Microservices Solve Both Technical and People Problems
In order to understand why I am destroying some microservices, it's important to understand why microservices get created in the first place. Microservices solve two types of problems: Technical problems and People problems.
A Technical problem is one in which an aspect of the application is putting an undue burden on the infrastructure; which, in turn, is likely causing a poor user experience (UX). For example, image processing requires a lot of CPU. If this CPU load becomes too great, it could start starving the rest of the application of processing resources. This could affect system latency. And, if it gets bad enough, it could start affecting system availability.

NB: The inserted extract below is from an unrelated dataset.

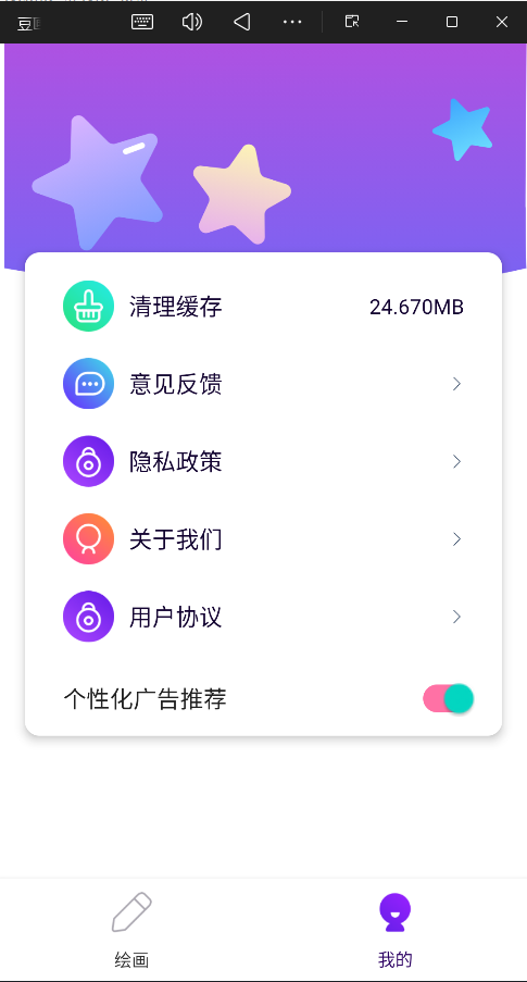 清理缓存:一键清理应用缓存(如 24.67MB)。

A People problem, on the other hand, has little to do with the application at all and everything to do with how your team is organized. The more people you have working in any given part of the application, the slower and more error-prone development and deployment becomes. For example, if you have 30 engineers all competing to "Continuously Deploy" (CD) the same service, you're going to get a lot of queuing; which means, a lot of engineers that could otherwise be shipping product are actually sitting around waiting for their turn to deploy.
Early InVision Microservices Mostly Solved "People" Problems
InVision has been a monolithic system since its onset 8-years ago when 3 engineers were working on it. As the company began to grow and gain traction, the number of systems barely increased while the size of the engineering team began to grow rapidly. In a few years, we had dozens of engineers - both back-end and front-end - all working on the same codebase and all deploying to the same service queue.
As I mentioned above, having a lot of people all working in the same place can become very problematic. Not only were the various teams all competing for the same deployment resources, it meant that every time an "Incident" was declared, several teams' code had to get rolled-back; and, no team could deploy while an incident was being managed. As you can imagine, this was causing a lot of friction across the organization, both for the engineering team and for the product team.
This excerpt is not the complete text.